I'll be honest here... The both of you should actually back up and do a bit of soul-searching there. You aren't owed jack there. Never were. It's not like Oculus when they had been actually promising the support and walked it back in a manner that they couldn't be charged with Fraud or have people legitimately bitching...well, not initially. They were up-front with you and you flatly misunderstood. They promised it if the funding hit or exceeded the $600k funding mark- and ONLY when it did.

Not their problem, now is it? YOURS. Next time...perhaps you'll slow down a bit and find out what the story's going to be before blithely presuming you're backing a Linux version without realizing that, no, you're not. You two DIDN'T and you've little room to complain.

THQ Nordic has acquired the Carmageddon IP, perhaps we will finally get it on Linux
3 Dec 2018 at 7:24 pm UTC

Quoting: DoctorJunglist
Quoting: toorI backed this on kickstarter back then because of that promise.
Fool me once, shame on you. Fool me twice, shame on me. They won't see my money, THQ Nordic or not.
They wouldn't see your money, even if you did buy it this time around. THQ Nordic would.
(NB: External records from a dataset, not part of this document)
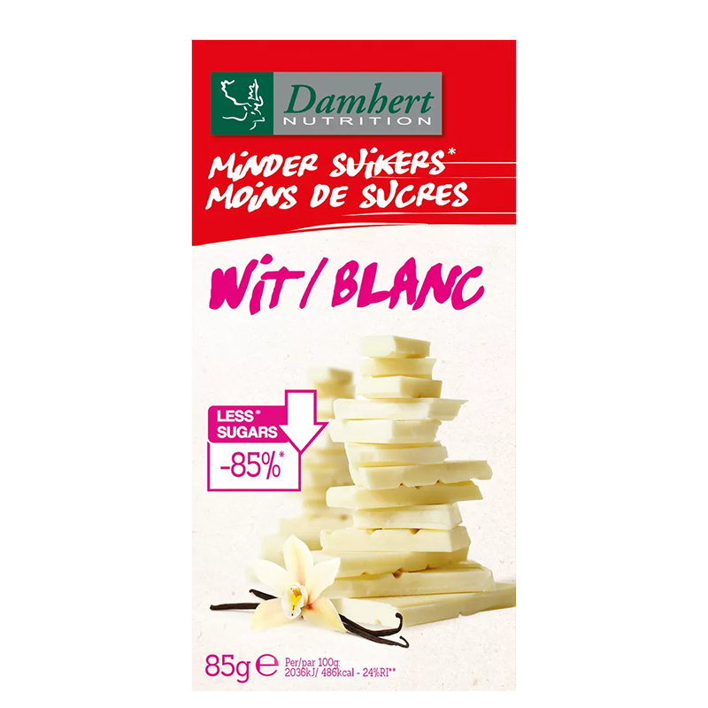 Копринено гладката текстура на Белия шоколад Damhert го превръща в неустоимо сладко изкушение,  но без захар и с по-ниско съдържание на калории от обикновения шоколад. Съставът му включва минимум 31% какаово масло. Прави се с естествен заместители на захарта  – малтитол, който  има около 80% до 90% от сладостта на захарта, но съдържа половината калории. Освен това може да осигури ползи за оралното здраве.
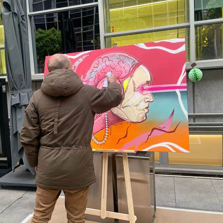 Our artist is open to create a piece on the theme of your choice and is not afraid to incorporate different elements of your product and branding
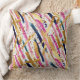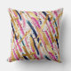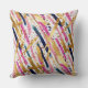 Blue Pink Gold Paint Stripes Abstract Pattern Throw Pillow
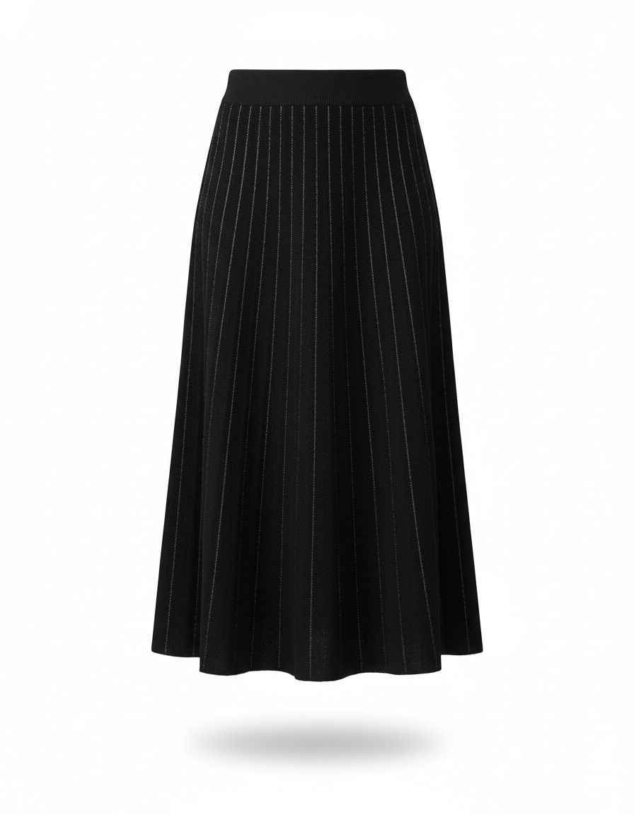 Cette jupe longue est confectionnée en laine Mérinos d'Australie. Elle présente une coupe plissée et un motif de fines lignes verticales à l'aspect brillant sur fond noir.
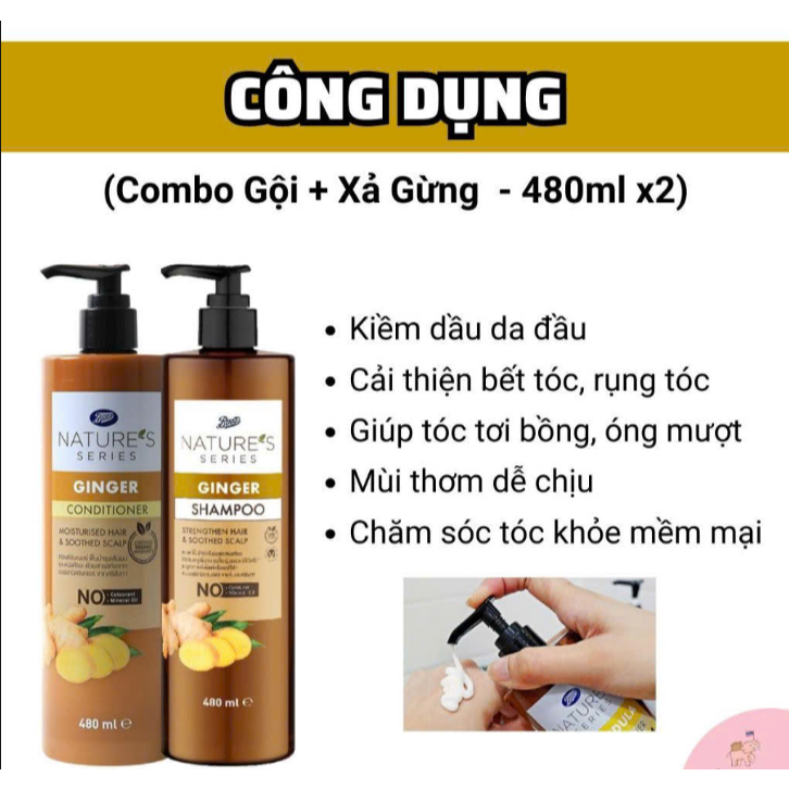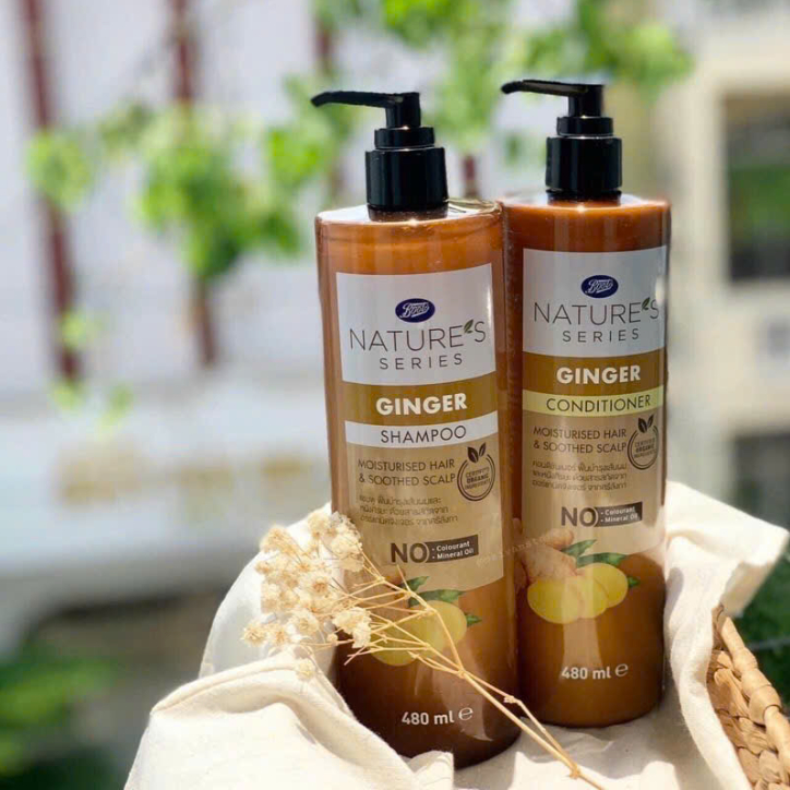 Cặp dầu gội xả gừng hữu cơ BOOTS Thái Lan - giảm tóc bết, gãy rụng

THQ Nordic just bought the IP, not the studios. The studio that made the game won't see a dime from this purchase.

So really, you're boycotting THQ Nordic - which had nothing to do with the kickstarter project you backed.
Couldn't have put it any better. I put it differently, but this describes my take WELL here on this subject.
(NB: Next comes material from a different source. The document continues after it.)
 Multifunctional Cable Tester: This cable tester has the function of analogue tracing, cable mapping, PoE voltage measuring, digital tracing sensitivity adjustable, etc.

THQ Nordic has acquired the Carmageddon IP, perhaps we will finally get it on Linux
3 Dec 2018 at 7:23 pm UTC

Quoting: Luke_Nukem:><::'(:D^_^:O:S::woot:

I'm just running the full gamut of emotions right now. I've never been pissed off at a developer team before as much as I have Stainless and their troll employees.
Well, they didn't GET the stretch goal, did they? Since it wasn't met, they didn't have to commit to making anything, did they?

Any of our community that went presuming that since they offered as a stretch goal that we'd get it eventually and acted accordingly got PRECISELY what they had coming from Stainless, unfortunately.

THQ Nordic has acquired the Carmageddon IP, perhaps we will finally get it on Linux
3 Dec 2018 at 7:21 pm UTC Likes: 2

Quoting: GuestWell Duke Nukem Forever was actually released. So anything is possible really.
It wasn't released...it ESCAPED...that's the only explanation for how atrocious the damn thing was... X-D

NVIDIA have now made PhysX open source
3 Dec 2018 at 7:18 pm UTC

Quoting: Stebs
Quoting: svartalfUhm... WHAT? The only real differences there is overall speed of the CPU and the Intel GPU (which isn't getting used...or, rather, I hope not..). There's no architectural or ISA differences that should matter or prevent it from being usable on that CPU.
The difference is: Sandy Bridge (I think my mainboard too) is only PCIe 2.0, ROCm is PCIe 3.0+ only....
That's patently stupid. There's really not much of a bandwidth change as far as most cards are concerned and it's just that- a small bandwidth difference as far as the application should be concerned.

Just another reason to **NOT** use proprietary stuff, really.